A different type of problem arises when a replication fork attempts to move through certain types of DNA damage that clogs up the replication machinery, stalling the fork. Because such damaged DNA often ends up deeply buried in the core of the replication fork, it cannot be easily repaired. To resolve this problem, the replication machine “backs up” through a series of strand-exchange reactions similar to those we have discussed (Figure 5–50). This maneuver allows one newly synthesized DNA strand to act as a template for synthesis of the other new strand, thereby bypassing the damaged template and allowing replication to proceed.

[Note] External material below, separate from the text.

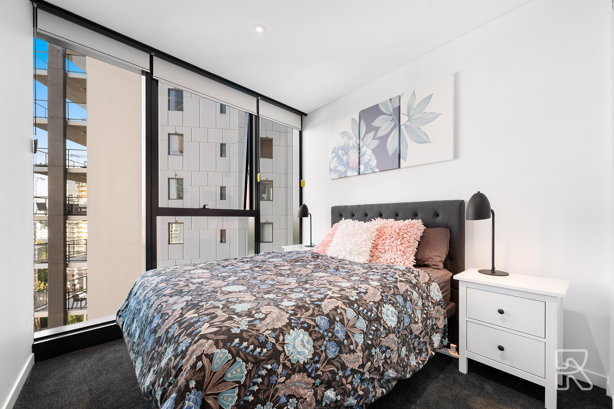 • Good sized bedroom with built-ins and floor-to-ceiling windows

DNA Repair by Homologous Recombination Entails Risks to the Cell
Although homologous recombination neatly solves the problem of accurately repairing double-strand breaks and other types of DNA damage, it sometimes “repairs” damage using the wrong bit of the genome as the template. For example, sometimes a broken human chromosome is repaired using the homolog from the other parent instead of the sister chromatid as the template. Because maternal and paternal chromosomes differ in DNA sequence at many positions along their lengths, this type of repair can convert the sequence of the repaired DNA from the maternal to the paternal sequence or vice versa. The result of this type of errant recombination is a loss of heterozygosity. It can have severe consequences if the homolog used for repair contains a deleterious mutation, because the recombination event destroys the “good” copy. Loss of heterozygosity, although it happens rarely, is nonetheless a critical step in the formation of many cancers (discussed in Chapter 20).
Cells go to great lengths to minimize the risk of mishaps of these types; indeed, as we have seen, nearly every step of homologous recombination is carefully regulated. Recall that the first step (resection of the broken ends) is coordinated with the cell cycle: it occurs primarily in the S and G2 phases of the cell cycle, favoring the use of a daughter duplex (either as a partially replicated chromosome or a fully replicated sister chromatid) as a template for repair (see Figure 5–47). The close proximity of the two daughter chromosomes disfavors the use of other genome sequences in the repair process.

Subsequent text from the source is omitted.